# Rec. - Fondue Meatballs



## mish (Jan 20, 2006)

This is a concoction I am putting together quickly for an easy appetizer.

Fondue Meatballs

1 package frozen Italian Style Meatballs, thawed
1 10 1/2-oz can cheddar cheese soup
1/2 cup cubed American or Colby-Jack Cheese
1/2 cup milk
4 oz green chilies
Paprika, to taste (optional)

Mix soup, cheese cubes, milk and paprika together in microwave-safe bowl. Heat on HIGH (100% power) 5 minutes; stir every minute. Place thawed meatballs in slow cooker. Add cheesy fondue sauce and stir to coat meatballs. Simmer on LOW heat for about 3 hours. Stir occasionally. Toward the end of cooking time, add chilies. Thinking out loud, a splash of white wine, might be something I will try next time.
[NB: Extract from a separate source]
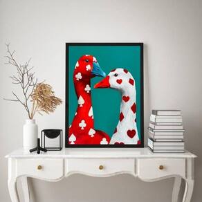 Quadro patinhos naipes carta de baralho 33x24cm - com vidro Cor: moldura branca Informações do produto tire todas as suas dúvidas no descritivo abaixo: decoração para quarto, sala, cozinha, escritório, área gourmet e muito mais. Chega de paredes vazias medidas - cada peça tem 33x24cm a4 . Material do papel - papel fotográfico brilhante de altíssima resolução acabamento - todos os quadros são acompanhados de vidro para proteção da imagem. - moldura em madeira maciça na cor preta ou branca conforme produto escolhido e pendurador . - os quadros são embalados de forma segura com plástico bolha com camada dupla de acordo com o tamanho dos quadros. - de 3 meses. Meu quadro chegou. Como posso fixá-lo Você precisa apenas de um martelo e um prego, pois os quadros já vão acompanhados de penduradores. Esta é a forma mais indicada. Como posso limpar meu quadro A limpeza é feita como um móvel comum da sua casa. Apenas um pano seco ou espanador são suficientes para tal
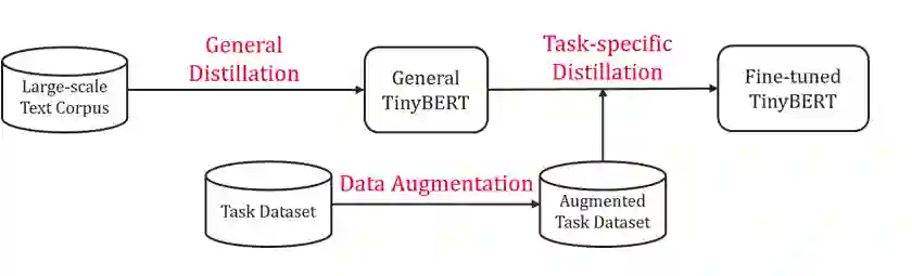 TinyBERT的使用过程分为以下三个步骤:蒸馏、数据增强以及特定任务蒸馏。接下来将会对每个步骤进行详细的介绍:

As an appetizer, serve on party picks or mini sub rolls.

As a main dish - Add about a small handful or two of dry small elbow macaroni or shells about 45 minutes before the end of cooking time. Be sure pasta is submerged in liquid. The pasta will double in size while cooking. Add additional liquid as needed. Another idea - Omit paprika and add fresh diced tomatoes and onions.


----------